[About this task]
Throughout the entries below, report every line where "when" is found.

[Extracted data]

————————

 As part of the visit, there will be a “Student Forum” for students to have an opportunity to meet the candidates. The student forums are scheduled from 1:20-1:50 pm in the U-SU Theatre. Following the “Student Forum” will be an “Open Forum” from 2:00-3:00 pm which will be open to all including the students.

————————

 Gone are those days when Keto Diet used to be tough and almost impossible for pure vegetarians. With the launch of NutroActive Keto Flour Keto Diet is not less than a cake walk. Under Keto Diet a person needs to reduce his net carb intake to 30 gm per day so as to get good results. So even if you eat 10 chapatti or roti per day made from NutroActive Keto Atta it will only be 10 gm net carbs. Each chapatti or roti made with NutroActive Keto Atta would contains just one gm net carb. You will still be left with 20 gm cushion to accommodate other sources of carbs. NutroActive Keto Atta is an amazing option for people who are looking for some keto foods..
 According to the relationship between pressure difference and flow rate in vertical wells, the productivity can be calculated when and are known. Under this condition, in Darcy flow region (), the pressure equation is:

————————

[Written answer]
 Gone are those days when Keto Diet used to be tough and almost impossible for pure vegetarians. With the launch of NutroActive Keto Flour Keto Diet is not less than a cake walk. Under Keto Diet a person needs to reduce his net carb intake to 30 gm per day so as to get good results. So even if you eat 10 chapatti or roti per day made from NutroActive Keto Atta it will only be 10 gm net carbs. Each chapatti or roti made with NutroActive Keto Atta would contains just one gm net carb. You will still be left with 20 gm cushion to accommodate other sources of carbs. NutroActive Keto Atta is an amazing option for people who are looking for some keto foods..
 According to the relationship between pressure difference and flow rate in vertical wells, the productivity can be calculated when and are known. Under this condition, in Darcy flow region (), the pressure equation is:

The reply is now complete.